-------- Supplied information --------

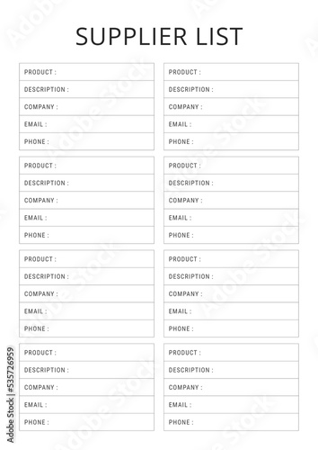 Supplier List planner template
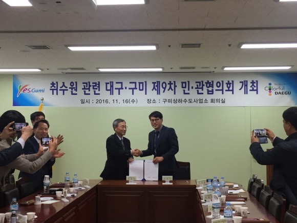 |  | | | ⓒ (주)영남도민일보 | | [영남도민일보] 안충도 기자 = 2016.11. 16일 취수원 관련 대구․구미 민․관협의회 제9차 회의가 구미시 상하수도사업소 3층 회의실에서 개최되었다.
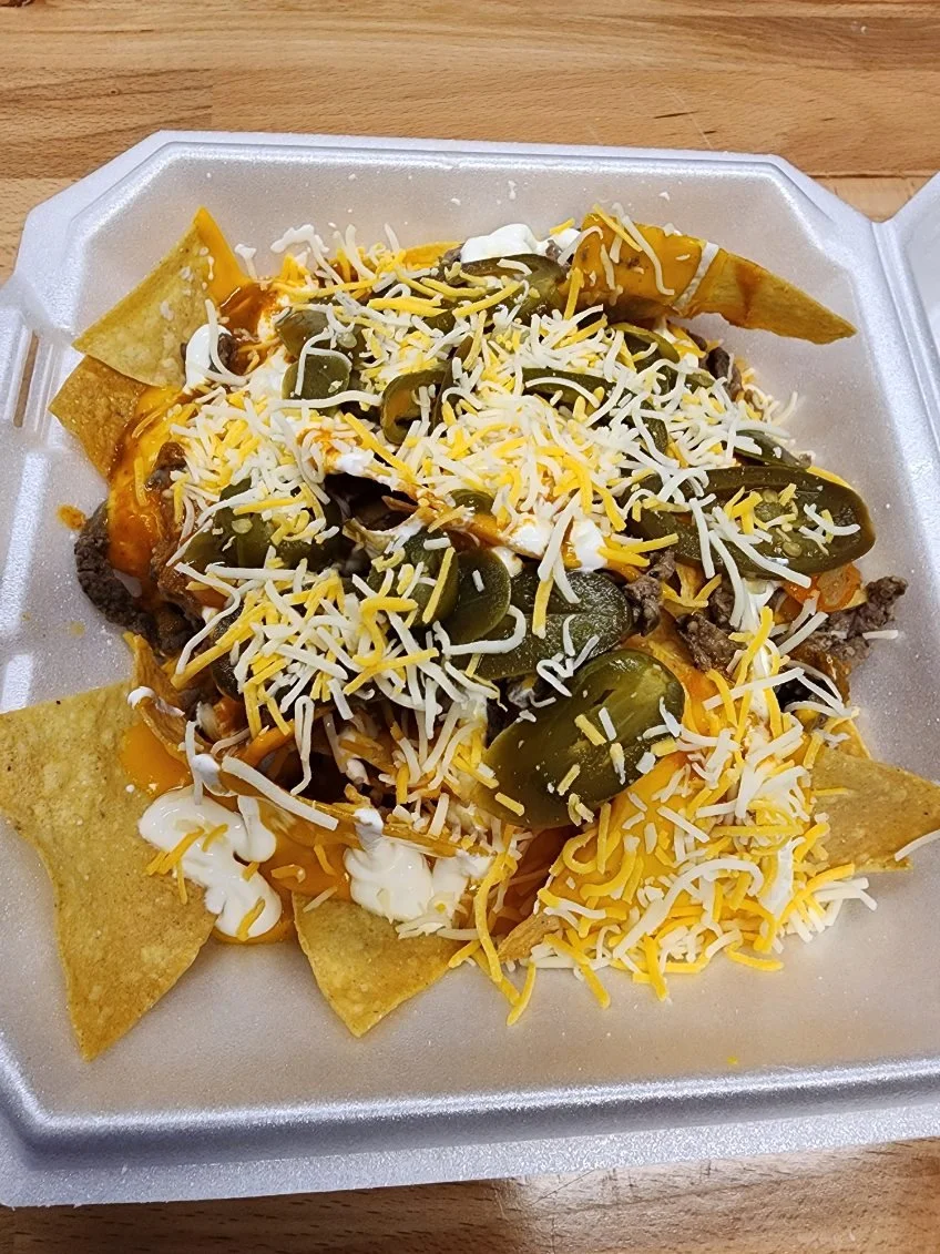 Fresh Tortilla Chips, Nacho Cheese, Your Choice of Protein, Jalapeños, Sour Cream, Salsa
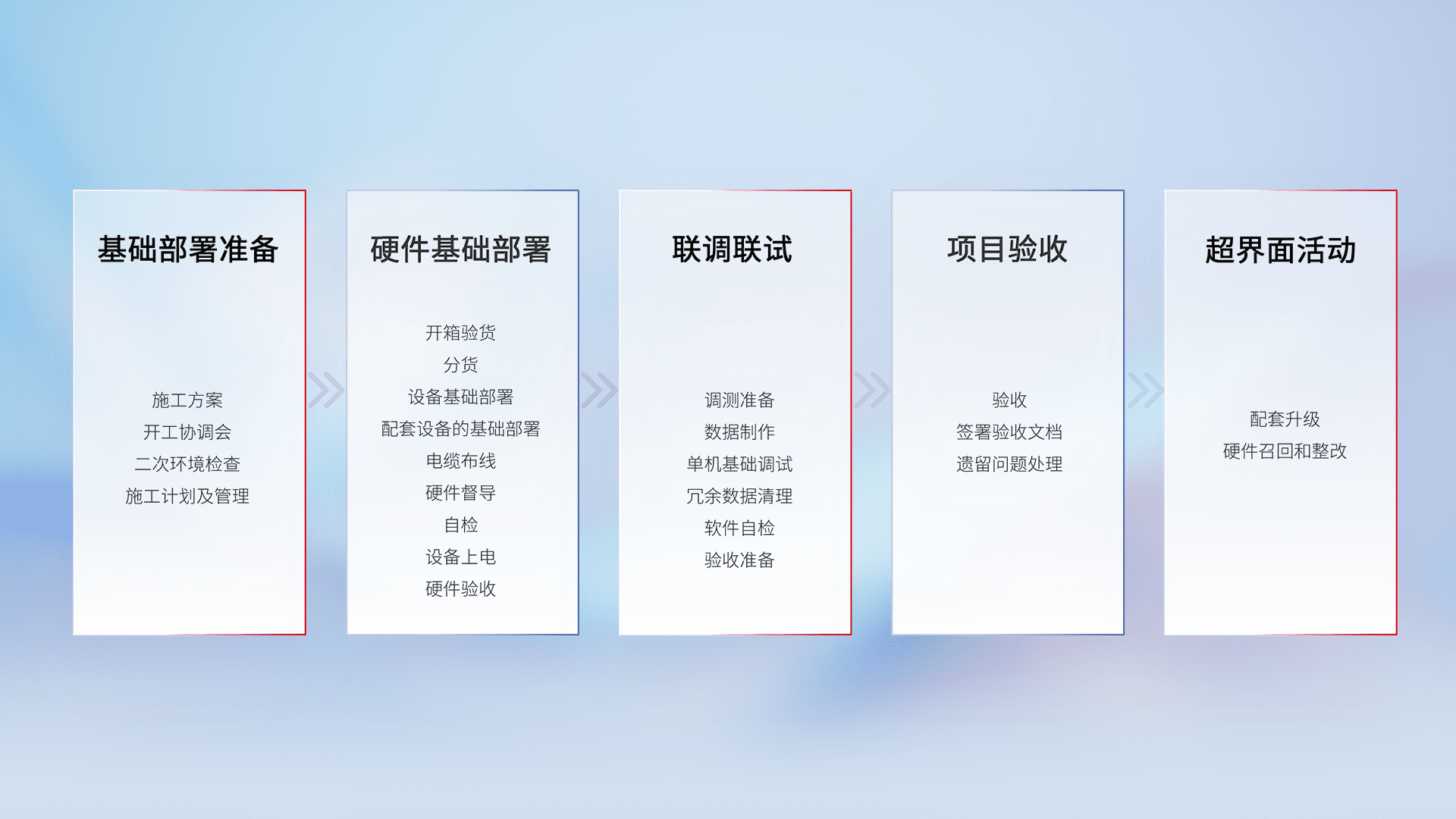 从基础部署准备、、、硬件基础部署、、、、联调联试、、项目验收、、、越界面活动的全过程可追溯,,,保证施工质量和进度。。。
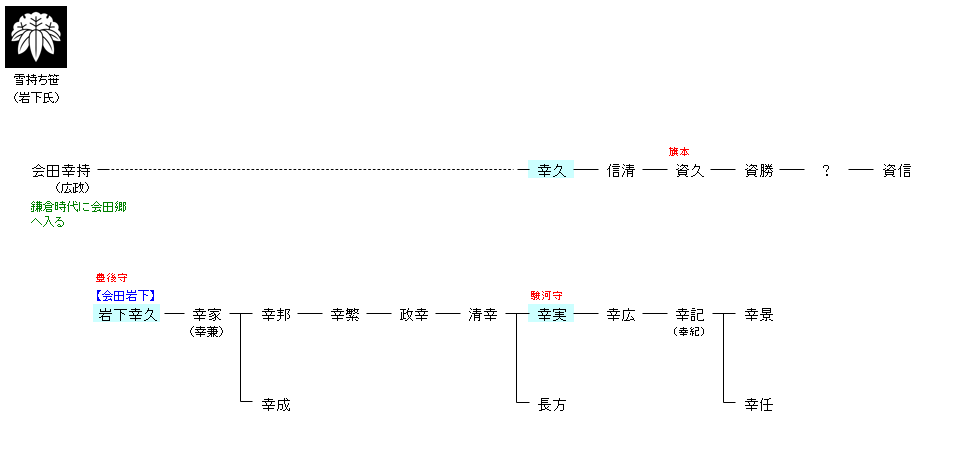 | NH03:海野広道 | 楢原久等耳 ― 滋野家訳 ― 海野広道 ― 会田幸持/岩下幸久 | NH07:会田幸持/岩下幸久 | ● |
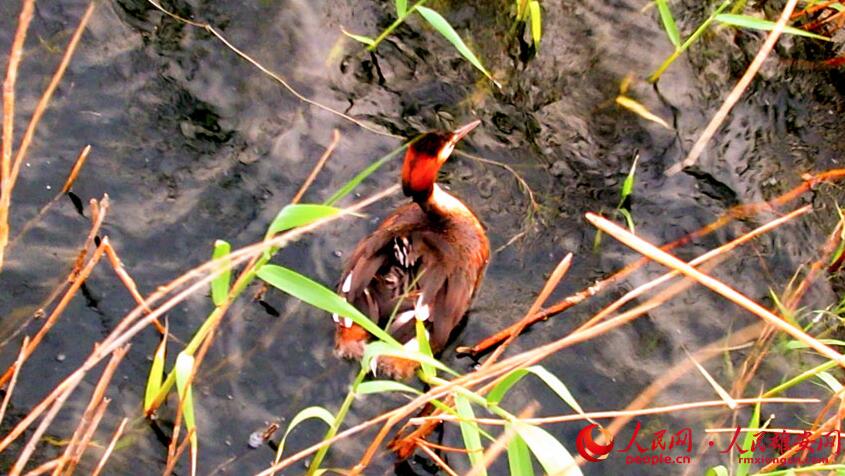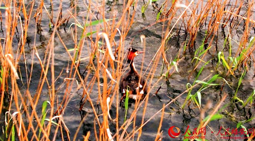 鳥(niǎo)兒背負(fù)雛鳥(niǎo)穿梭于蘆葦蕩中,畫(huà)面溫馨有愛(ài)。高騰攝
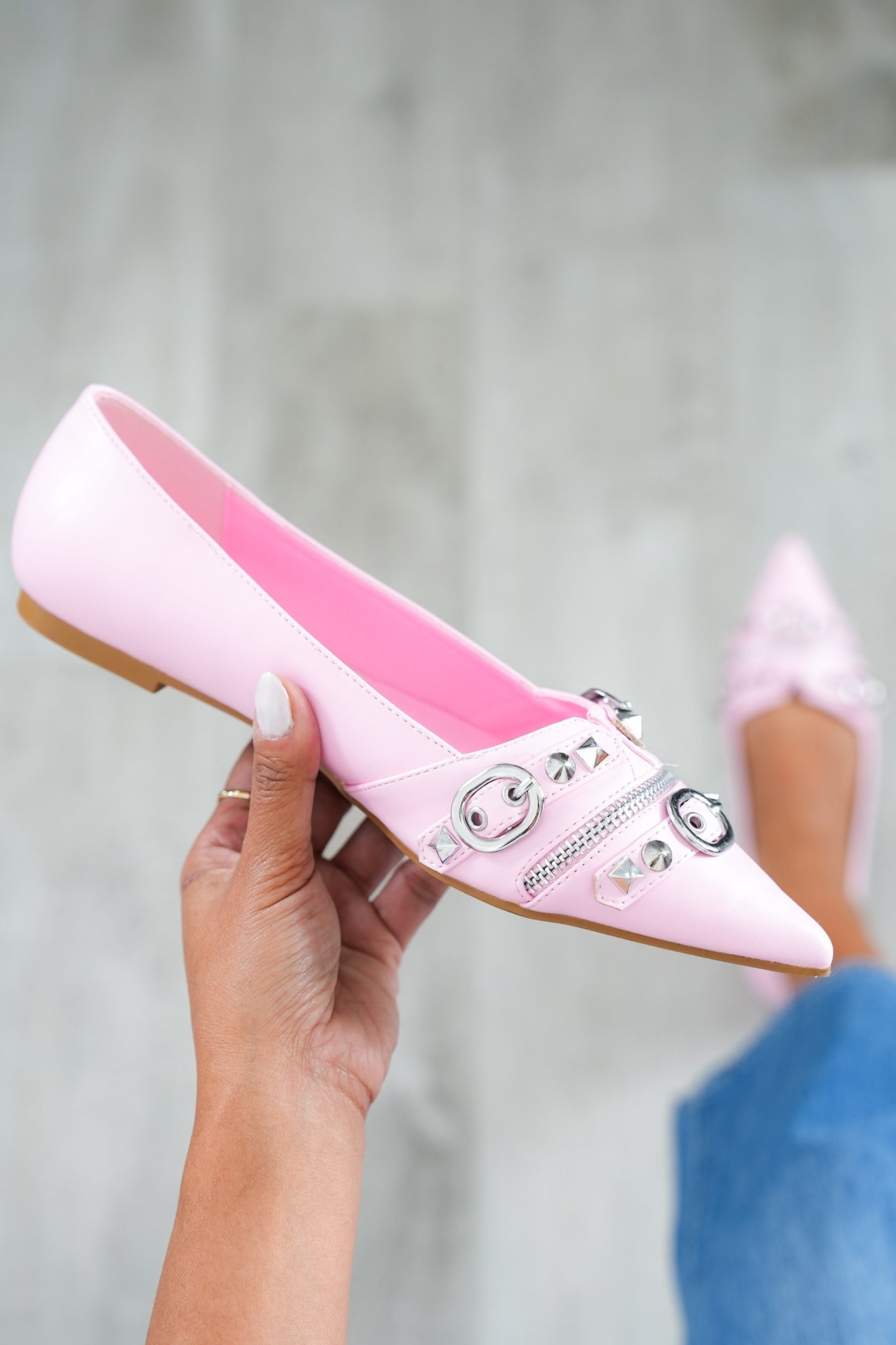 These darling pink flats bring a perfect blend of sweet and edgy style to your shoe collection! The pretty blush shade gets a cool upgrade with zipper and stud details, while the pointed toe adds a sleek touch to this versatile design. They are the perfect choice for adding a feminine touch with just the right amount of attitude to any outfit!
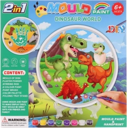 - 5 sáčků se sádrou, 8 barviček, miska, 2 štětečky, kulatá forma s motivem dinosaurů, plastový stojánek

--------

About this task: Start to finish, write out the data above exactly, omitting all pictures.

Solution to the exercise:
 Supplier List planner template
 |  | | | ⓒ (주)영남도민일보 | | [영남도민일보] 안충도 기자 = 2016.11. 16일 취수원 관련 대구․구미 민․관협의회 제9차 회의가 구미시 상하수도사업소 3층 회의실에서 개최되었다.
 Fresh Tortilla Chips, Nacho Cheese, Your Choice of Protein, Jalapeños, Sour Cream, Salsa
 从基础部署准备、、、硬件基础部署、、、、联调联试、、项目验收、、、越界面活动的全过程可追溯,,,保证施工质量和进度。。。
 | NH03:海野広道 | 楢原久等耳 ― 滋野家訳 ― 海野広道 ― 会田幸持/岩下幸久 | NH07:会田幸持/岩下幸久 | ● |
 鳥(niǎo)兒背負(fù)雛鳥(niǎo)穿梭于蘆葦蕩中,畫(huà)面溫馨有愛(ài)。高騰攝
 These darling pink flats bring a perfect blend of sweet and edgy style to your shoe collection! The pretty blush shade gets a cool upgrade with zipper and stud details, while the pointed toe adds a sleek touch to this versatile design. They are the perfect choice for adding a feminine touch with just the right amount of attitude to any outfit!
 - 5 sáčků se sádrou, 8 barviček, miska, 2 štětečky, kulatá forma s motivem dinosaurů, plastový stojánek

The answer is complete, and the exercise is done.